#### TASK DESCRIPTION:
Repeat the records below exactly. Omit the pictures.

*** Opening of DATA EXCERPTS ***

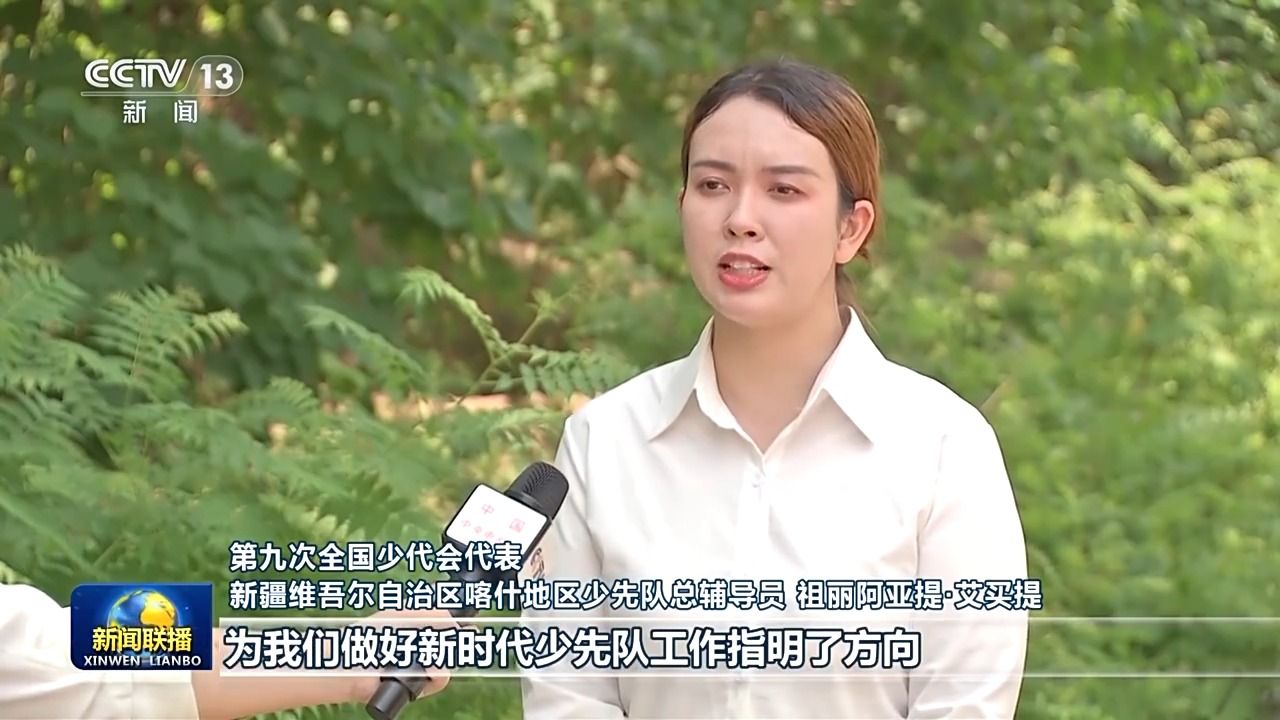 第九次全国少代会代表新疆维吾尔自治区喀什地区少先队总辅导员祖丽阿亚提·艾买提:习近平总书记的贺信,为我们做好新时代少先队工作指明了方向。我们将坚持和加强党对少先队工作的全面领导,牢牢把握立德树人根本任务,以铸牢中华民族共同体意识为主线,激发少先队员对党和国家的热爱,让他们在实践中坚定理想信念,不断增进“五个认同”,早日成为担当民族复兴大任的时代新人。
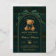 Drawing inspiration from polo club elegance and classic equestrian tradition, this teddy bear themed invitation sets the stage for a sophisticated baby shower with enduring appeal. A rich palette of deep navy and forest green, accented by a graceful statement bow, creates a look that feels both heritage-inspired and effortlessly luxurious.
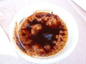 Once you’ve stirred for this long, get a nice deep baking dish and pour the mixture into your ramekins and put hot water up to about half way up the ramekins. I found that with the ramekins I had that I actually had to make a double recipe to fill them up to near the top. So yes a stack of eggs and a massive amount of cream – but you can’t scrimp on dessert! So they go into the oven for 35-40 minutes.
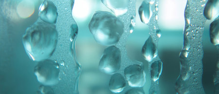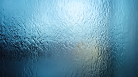 Soft blue textured frosted glass with water droplets and condensation creates a calming atmosphere, perfect for modern interior design and minimalistic styles.
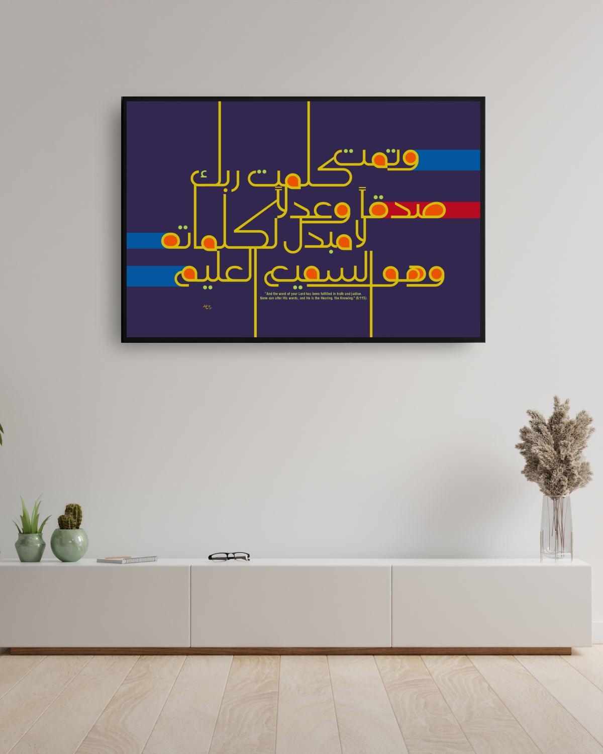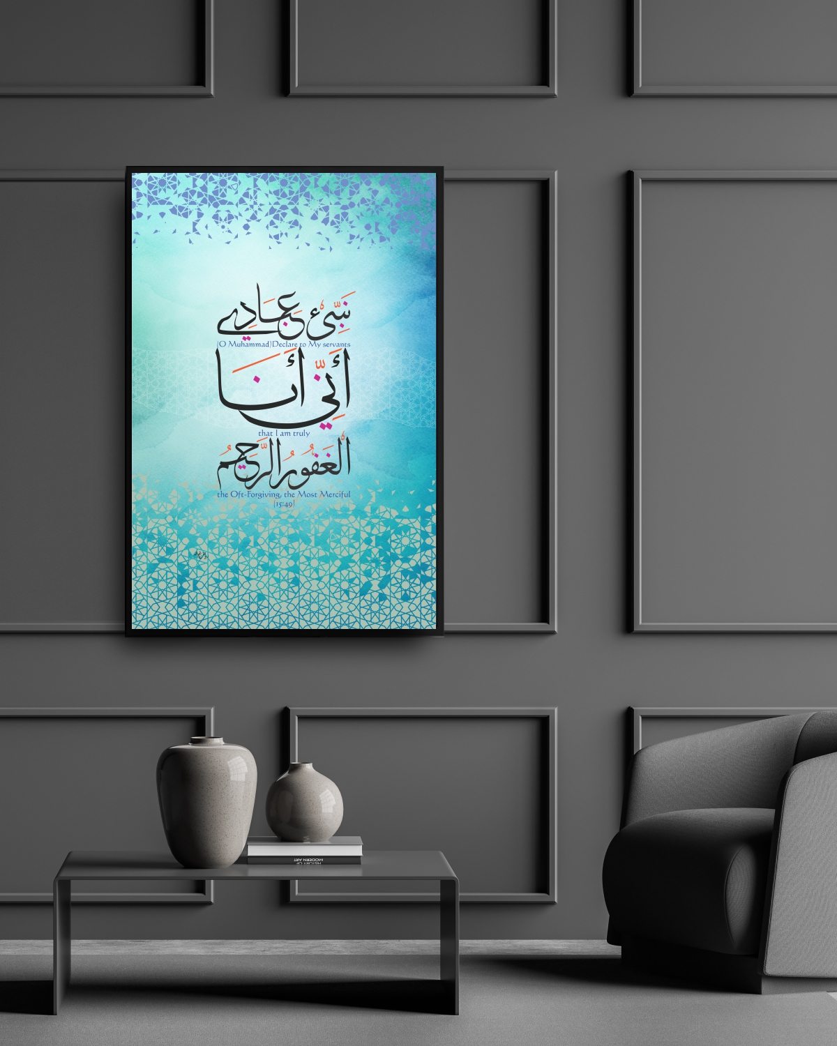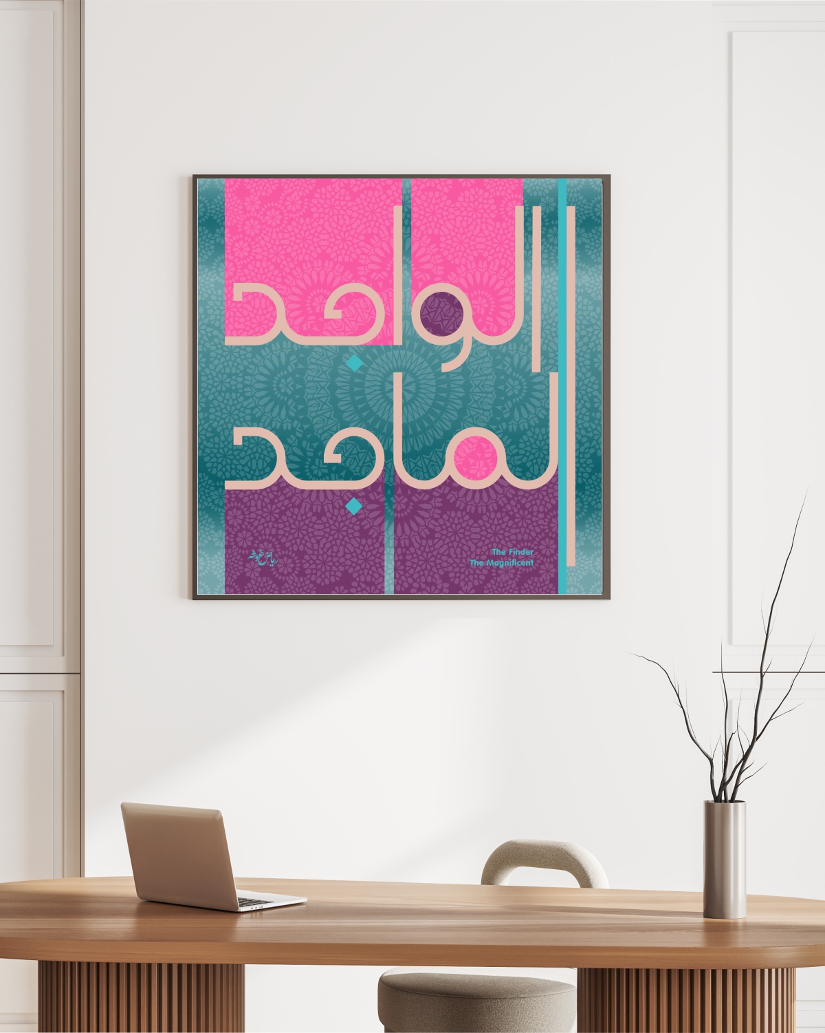 This digital art piece by Riyad Ghosheh, available at rbarts.us, beautifully blends modern Arabic calligraphy with traditional Islamic art. It highlights two revered names of Allah: Al Waajid (The Finder) and Al Maajid (The Magnificent). Through its intricate design, the artwork invites viewers to reflect on Allah's boundless knowledge and presence, inspiring feelings of reverence, honor, and respect in prayer.

*** Close of DATA EXCERPTS ***

#### EXERCISE SOLUTION:
 第九次全国少代会代表新疆维吾尔自治区喀什地区少先队总辅导员祖丽阿亚提·艾买提:习近平总书记的贺信,为我们做好新时代少先队工作指明了方向。我们将坚持和加强党对少先队工作的全面领导,牢牢把握立德树人根本任务,以铸牢中华民族共同体意识为主线,激发少先队员对党和国家的热爱,让他们在实践中坚定理想信念,不断增进“五个认同”,早日成为担当民族复兴大任的时代新人。
 Drawing inspiration from polo club elegance and classic equestrian tradition, this teddy bear themed invitation sets the stage for a sophisticated baby shower with enduring appeal. A rich palette of deep navy and forest green, accented by a graceful statement bow, creates a look that feels both heritage-inspired and effortlessly luxurious.
 Once you’ve stirred for this long, get a nice deep baking dish and pour the mixture into your ramekins and put hot water up to about half way up the ramekins. I found that with the ramekins I had that I actually had to make a double recipe to fill them up to near the top. So yes a stack of eggs and a massive amount of cream – but you can’t scrimp on dessert! So they go into the oven for 35-40 minutes.
 Soft blue textured frosted glass with water droplets and condensation creates a calming atmosphere, perfect for modern interior design and minimalistic styles.
 This digital art piece by Riyad Ghosheh, available at rbarts.us, beautifully blends modern Arabic calligraphy with traditional Islamic art. It highlights two revered names of Allah: Al Waajid (The Finder) and Al Maajid (The Magnificent). Through its intricate design, the artwork invites viewers to reflect on Allah's boundless knowledge and presence, inspiring feelings of reverence, honor, and respect in prayer.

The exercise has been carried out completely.